Instructions for the task. Starting with the first line of the listing, quote each line exactly until and including the one with "Удобрение помет куриный", leaving pictures out.

Data to use.
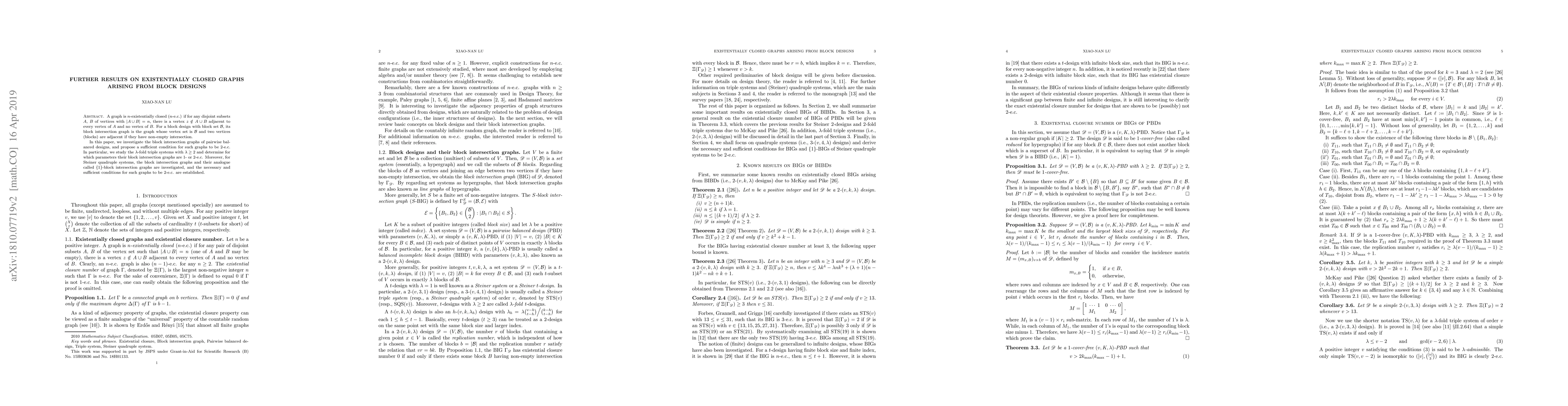 This paper explores the block intersection graphs derived from pairwise balanced designs, establishing sufficient conditions for these graphs to be 2-existentially closed. It specifically investigates $\lambda$-fold triple systems and Steiner quadruple systems, determining when their block intersection graphs are 1- or 2-existentially closed.
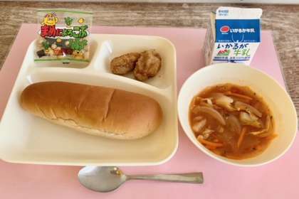 【黒糖パン、一口トンカツ、ミネストローネ、豆こんぶ、牛乳】
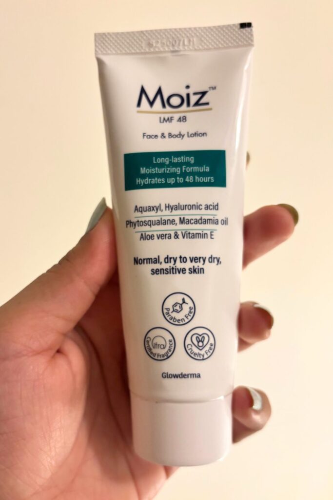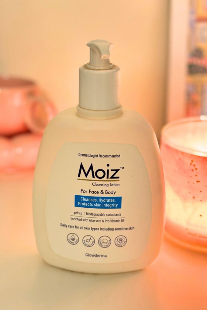 It’s Moiz Cleansing Lotion from Glowderma (an Indian pharmacy brand).
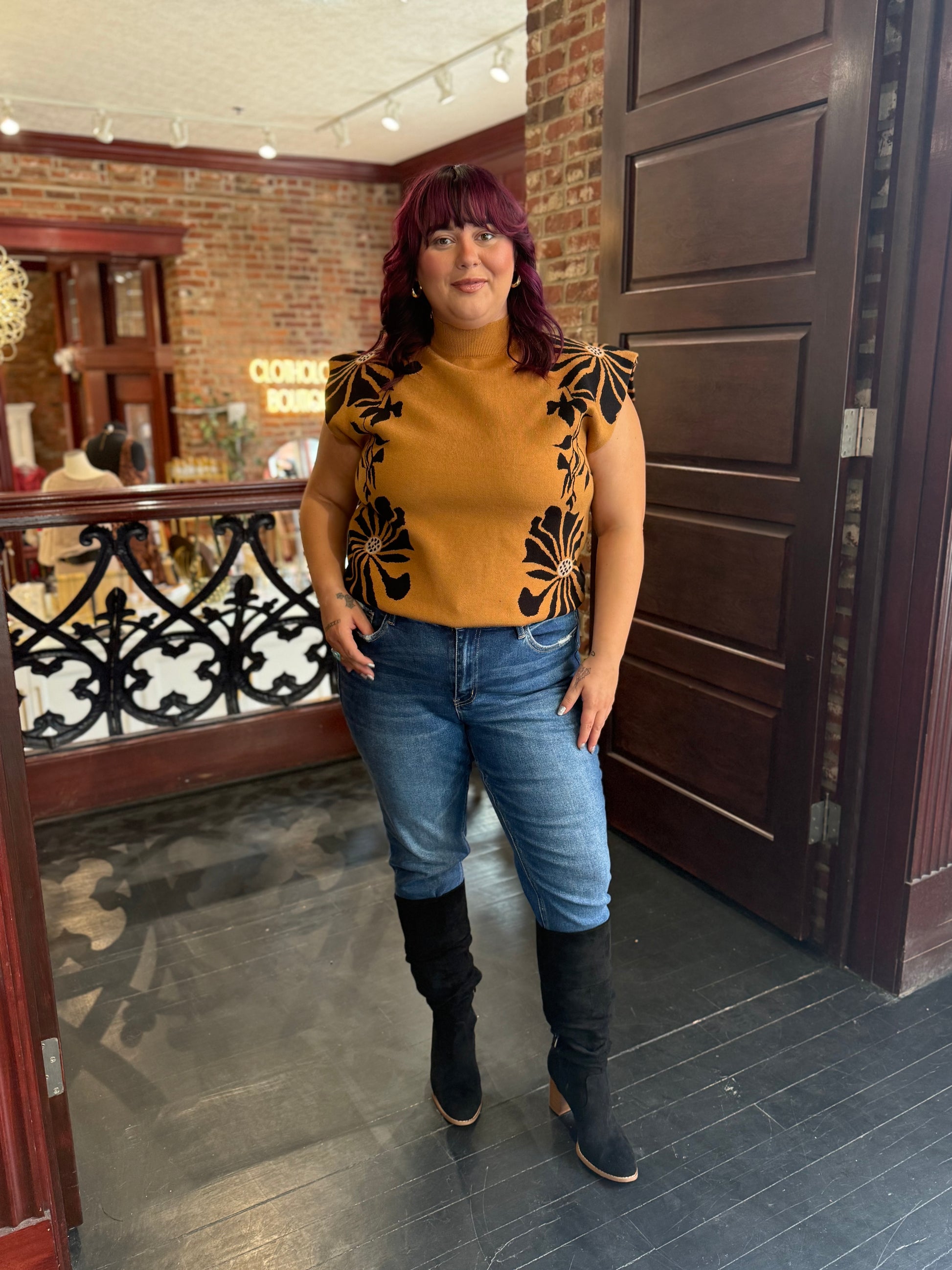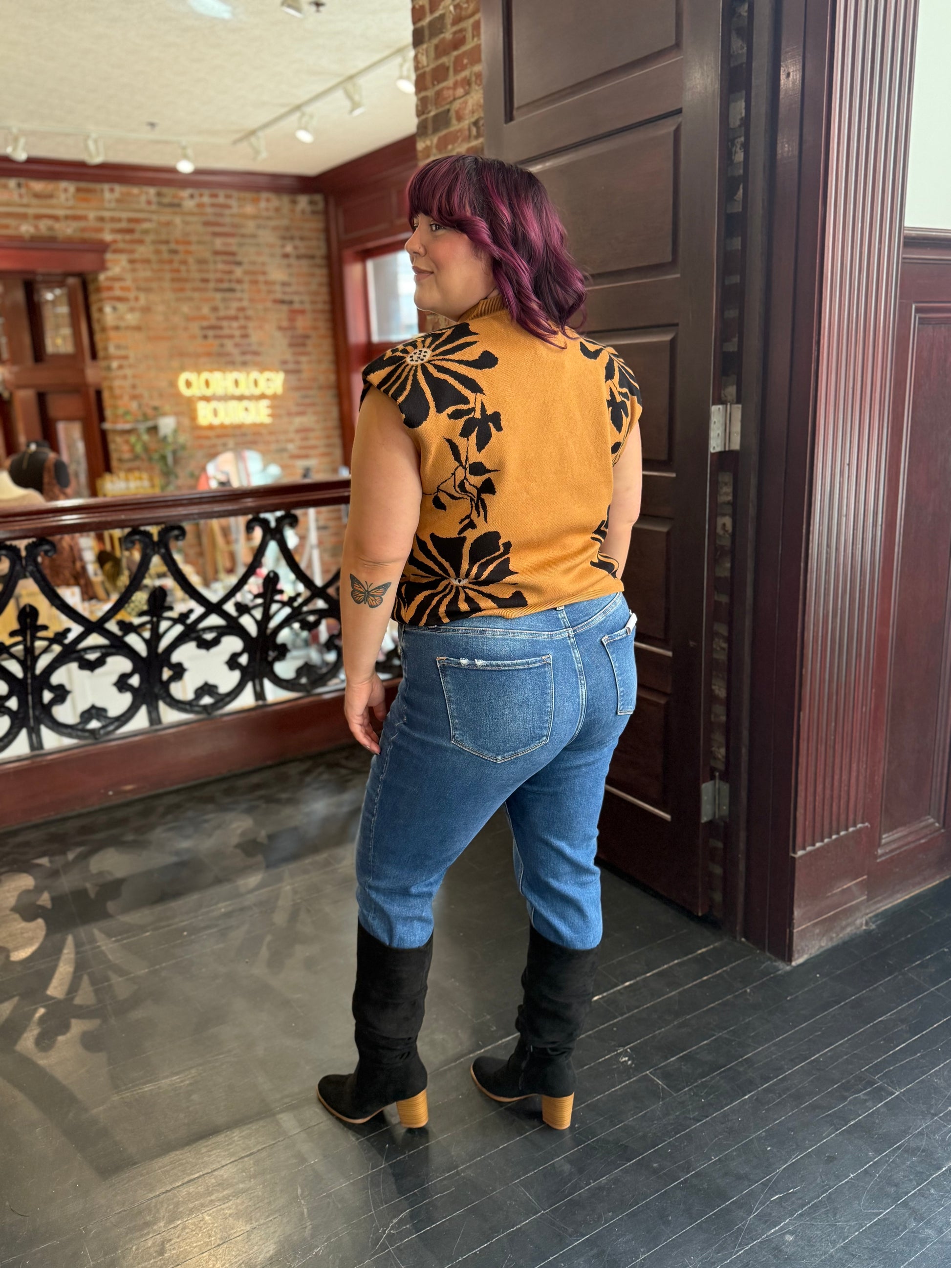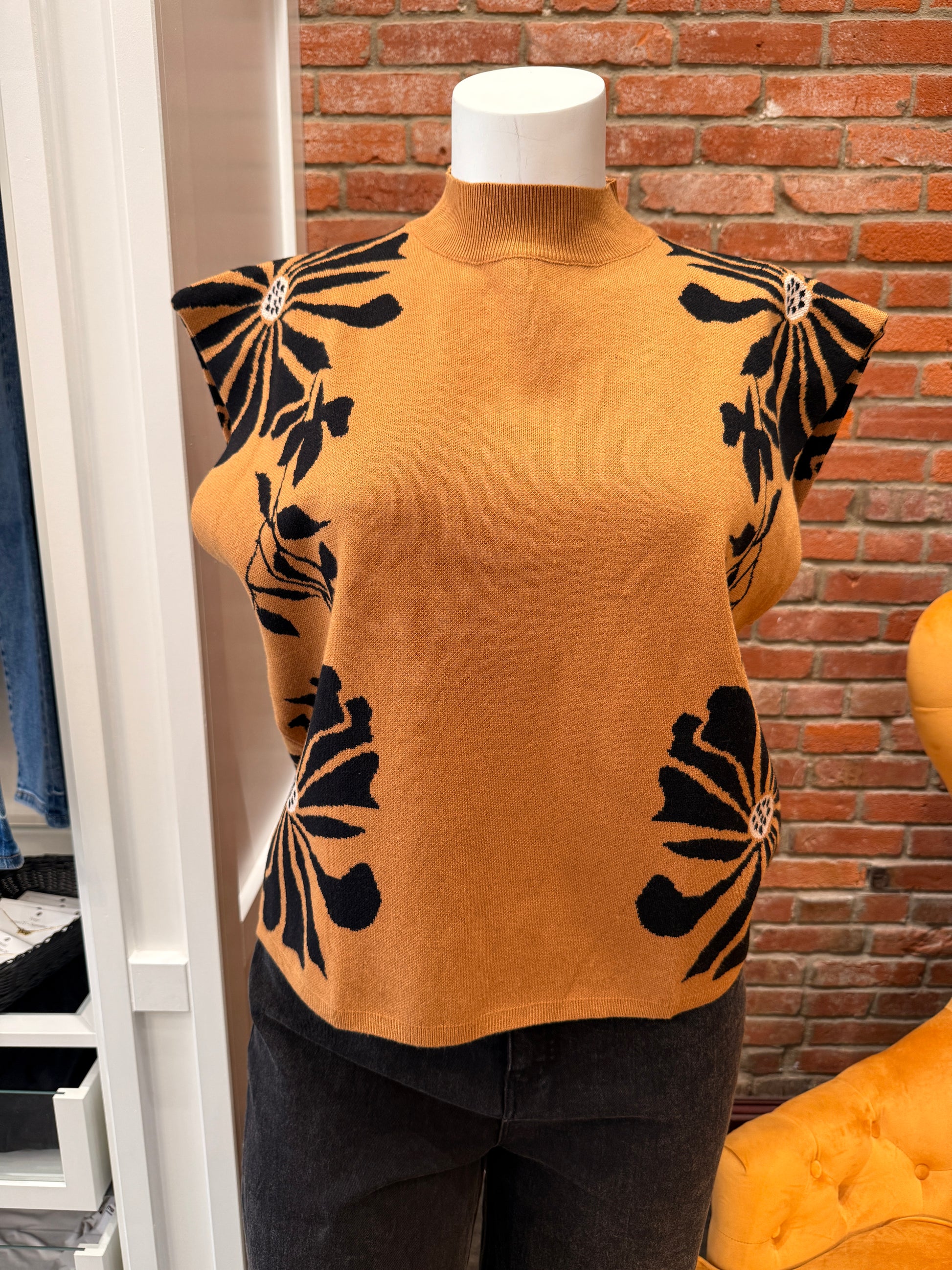 ENTRO EXTENDED SIZES CAMEL AND BLACK SLEEVELESS SWEATER 9.11
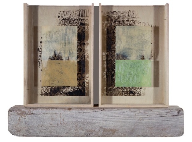 oil and newspaper on glass
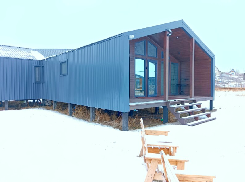Площадь дома 54 м2 с террасой. Дом состоит из 2-х комнат и индивидуального санузла.
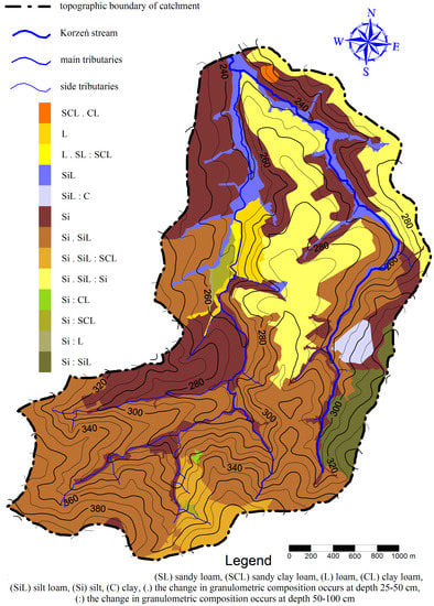 The catchment of the Korzeń stream is characterized by a small typological diversity of soils. The dominant soils are Luvisols, Hamplic Cambisols, and Stagnic Cambisols, which have a 51.6%, 37.5%, and 9.2% share, respectively, in the catchment area (Figure 4). In 92.1% of the area, the topsoil genetic layers are made up of silt (Si), and there are also silt loam (SiL), loam (L), and sandy clay loam (SCL). In the largest area, Luvisols are found on the tops and slopes, in all parts of the catchment area of the Korzeń stream. These soils are mostly made up of silt (Si) lined with silt loam (SiL). In the southern part of the catchment, mostly under forests, there are Hamplic Cambisols formed from sedimentary rocks with a non-carbonate binder. They are made up of silt (Si) and loam (L), passing at a depth of 25–50 cm into weekly skeletal sandy loam (SL) deposited on rubble or rocky soils. In the valleys of the Korzeń stream and its tributaries, there are almost exclusively Stagnic Cambisols (Figure 5). In various parts of the catchment (Figure 5), they developed from silt loam (SiL), silt (Si), and loam (L).
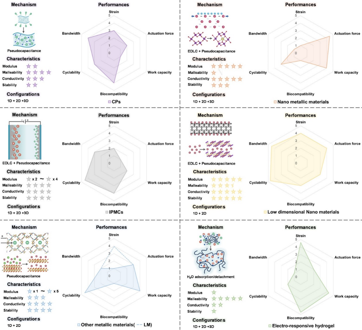 图3. 各类电化学执行器之间的相互联系和协同作用。© 2024 Royal Society of Chemistry
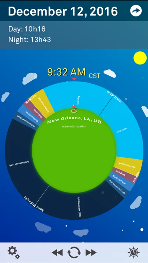 * Automatic Location: Sol not only calculates the amount of daylight and sunrise and sunset times, but does so for any location in the world (both Northern and Southern hemispheres) by using your device's GPS... no network connection required.
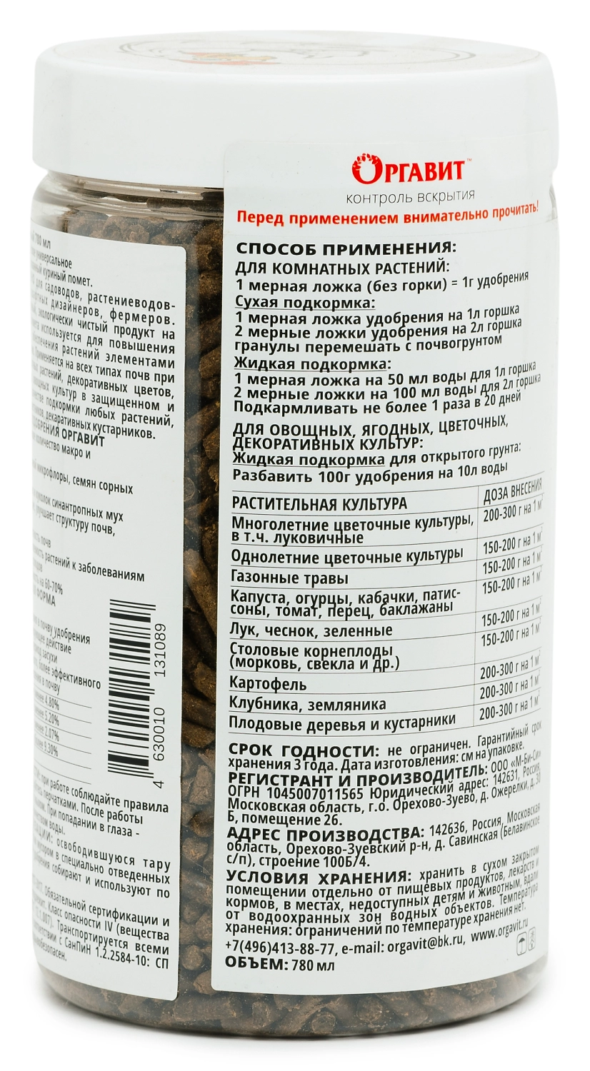 Удобрение помет куриный ОРГАВИТ гранулы 750 гр
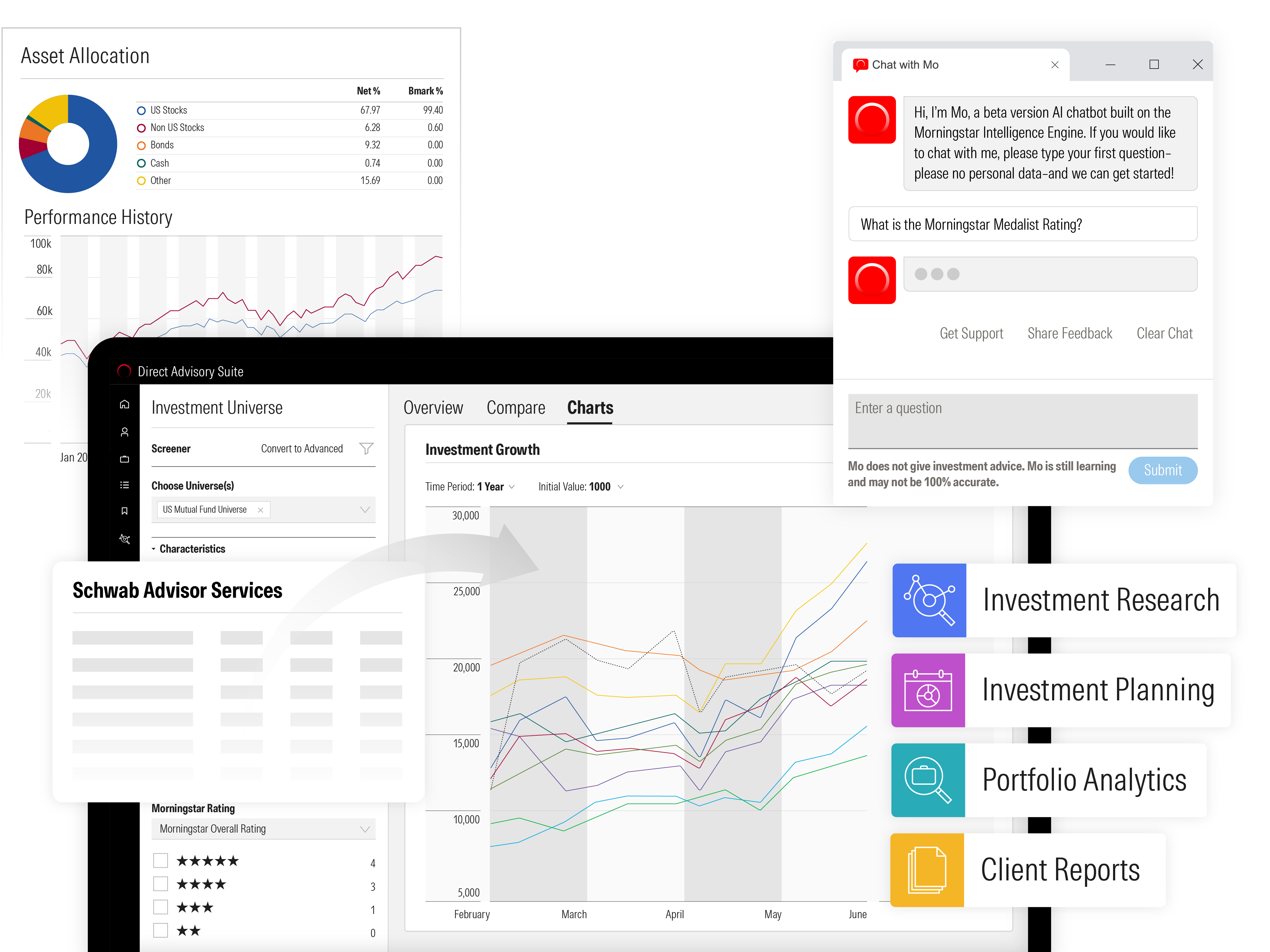 Advisors that custody with Charles Schwab have multiple integration options, including Intelligent Import, Data Sync, Morningstar ByAllAccounts, MoneyGuidePro, eMoney, and Redtail.
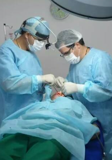 O dentista Pancho Roche durante a realização de um transplante ósseo, procedimento pioneiro em Rio Branco, realizado desde 2008/Foto cedida

Reply to the task.
 This paper explores the block intersection graphs derived from pairwise balanced designs, establishing sufficient conditions for these graphs to be 2-existentially closed. It specifically investigates $\lambda$-fold triple systems and Steiner quadruple systems, determining when their block intersection graphs are 1- or 2-existentially closed.
 【黒糖パン、一口トンカツ、ミネストローネ、豆こんぶ、牛乳】
 It’s Moiz Cleansing Lotion from Glowderma (an Indian pharmacy brand).
 ENTRO EXTENDED SIZES CAMEL AND BLACK SLEEVELESS SWEATER 9.11
 oil and newspaper on glass
Площадь дома 54 м2 с террасой. Дом состоит из 2-х комнат и индивидуального санузла.
 The catchment of the Korzeń stream is characterized by a small typological diversity of soils. The dominant soils are Luvisols, Hamplic Cambisols, and Stagnic Cambisols, which have a 51.6%, 37.5%, and 9.2% share, respectively, in the catchment area (Figure 4). In 92.1% of the area, the topsoil genetic layers are made up of silt (Si), and there are also silt loam (SiL), loam (L), and sandy clay loam (SCL). In the largest area, Luvisols are found on the tops and slopes, in all parts of the catchment area of the Korzeń stream. These soils are mostly made up of silt (Si) lined with silt loam (SiL). In the southern part of the catchment, mostly under forests, there are Hamplic Cambisols formed from sedimentary rocks with a non-carbonate binder. They are made up of silt (Si) and loam (L), passing at a depth of 25–50 cm into weekly skeletal sandy loam (SL) deposited on rubble or rocky soils. In the valleys of the Korzeń stream and its tributaries, there are almost exclusively Stagnic Cambisols (Figure 5). In various parts of the catchment (Figure 5), they developed from silt loam (SiL), silt (Si), and loam (L).
 图3. 各类电化学执行器之间的相互联系和协同作用。© 2024 Royal Society of Chemistry
 * Automatic Location: Sol not only calculates the amount of daylight and sunrise and sunset times, but does so for any location in the world (both Northern and Southern hemispheres) by using your device's GPS... no network connection required.
 Удобрение помет куриный ОРГАВИТ гранулы 750 гр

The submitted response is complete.